Your output should be the lines below from the one holding "Edytor tapety: Droga" through the one holding "Přední maska SPORT", transcribed exactly, with no pictures.

Supplied material:
- Opening Delimiter -

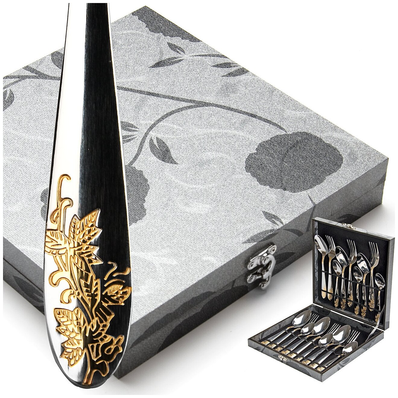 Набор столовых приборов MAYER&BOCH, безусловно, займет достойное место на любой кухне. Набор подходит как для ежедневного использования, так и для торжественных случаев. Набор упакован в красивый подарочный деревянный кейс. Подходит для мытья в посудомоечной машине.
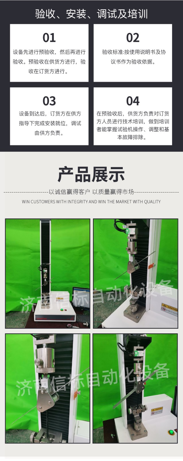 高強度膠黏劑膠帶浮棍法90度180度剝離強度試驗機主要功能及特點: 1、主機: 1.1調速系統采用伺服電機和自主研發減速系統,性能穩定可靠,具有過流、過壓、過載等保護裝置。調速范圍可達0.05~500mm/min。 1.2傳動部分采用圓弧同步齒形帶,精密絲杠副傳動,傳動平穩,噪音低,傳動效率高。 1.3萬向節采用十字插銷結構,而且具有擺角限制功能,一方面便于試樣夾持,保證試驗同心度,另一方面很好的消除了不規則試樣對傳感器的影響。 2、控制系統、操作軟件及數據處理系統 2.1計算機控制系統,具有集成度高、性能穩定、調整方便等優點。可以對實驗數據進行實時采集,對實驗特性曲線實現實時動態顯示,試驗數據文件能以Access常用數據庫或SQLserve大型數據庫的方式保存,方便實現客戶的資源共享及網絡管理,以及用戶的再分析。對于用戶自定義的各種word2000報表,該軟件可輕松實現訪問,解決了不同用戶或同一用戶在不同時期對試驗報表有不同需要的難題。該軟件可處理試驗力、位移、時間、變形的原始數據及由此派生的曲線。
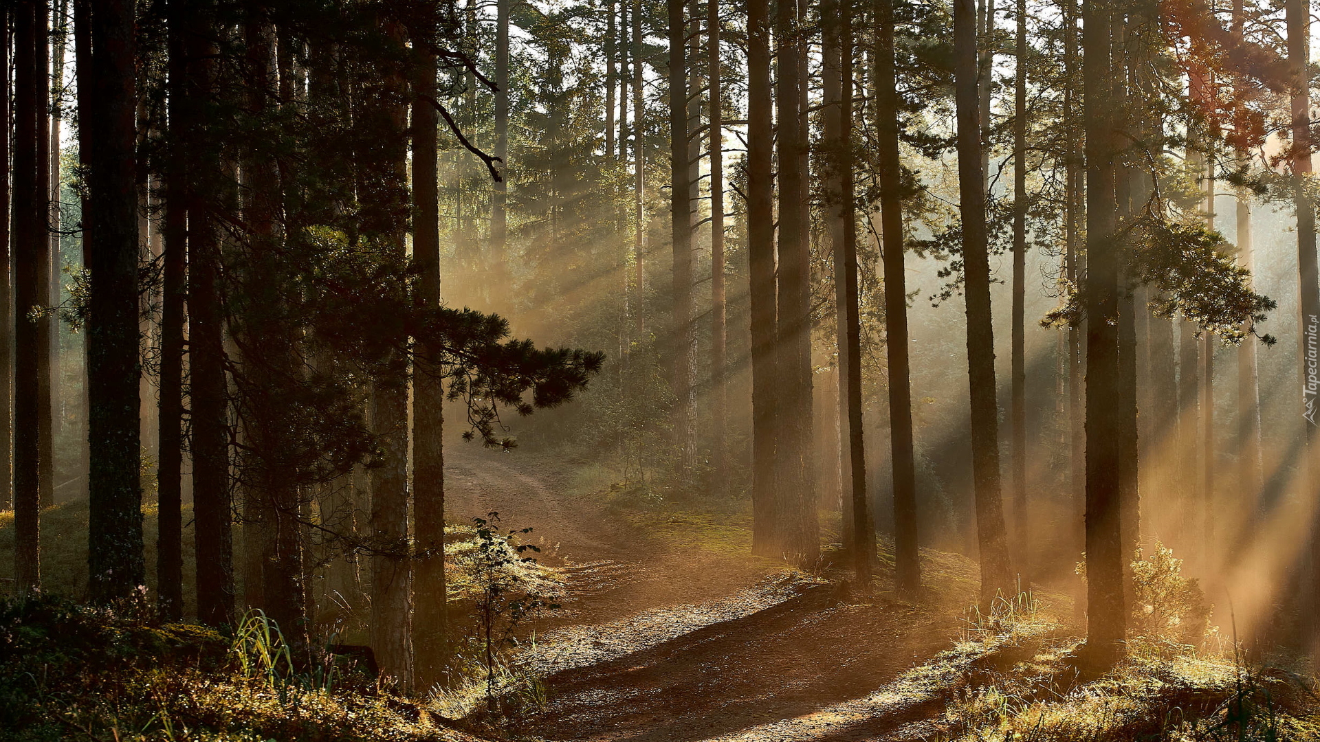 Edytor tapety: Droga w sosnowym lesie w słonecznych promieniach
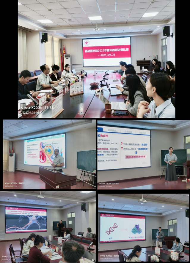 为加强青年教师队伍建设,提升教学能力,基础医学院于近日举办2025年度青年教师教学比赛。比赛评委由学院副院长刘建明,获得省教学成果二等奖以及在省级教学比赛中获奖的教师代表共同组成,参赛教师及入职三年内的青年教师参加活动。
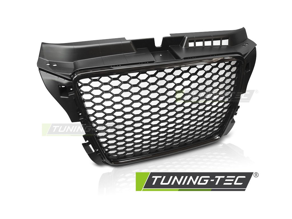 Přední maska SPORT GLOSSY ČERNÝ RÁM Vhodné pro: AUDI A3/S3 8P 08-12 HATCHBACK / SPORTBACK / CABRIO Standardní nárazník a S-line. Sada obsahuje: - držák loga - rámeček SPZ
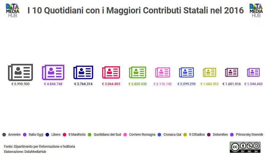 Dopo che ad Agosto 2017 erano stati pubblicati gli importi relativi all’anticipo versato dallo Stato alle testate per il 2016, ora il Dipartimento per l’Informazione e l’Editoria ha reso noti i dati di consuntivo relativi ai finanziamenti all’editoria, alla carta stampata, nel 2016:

- Closing Delimiter -

Finished exercise:
 Edytor tapety: Droga w sosnowym lesie w słonecznych promieniach
 为加强青年教师队伍建设,提升教学能力,基础医学院于近日举办2025年度青年教师教学比赛。比赛评委由学院副院长刘建明,获得省教学成果二等奖以及在省级教学比赛中获奖的教师代表共同组成,参赛教师及入职三年内的青年教师参加活动。
 Přední maska SPORT GLOSSY ČERNÝ RÁM Vhodné pro: AUDI A3/S3 8P 08-12 HATCHBACK / SPORTBACK / CABRIO Standardní nárazník a S-line. Sada obsahuje: - držák loga - rámeček SPZ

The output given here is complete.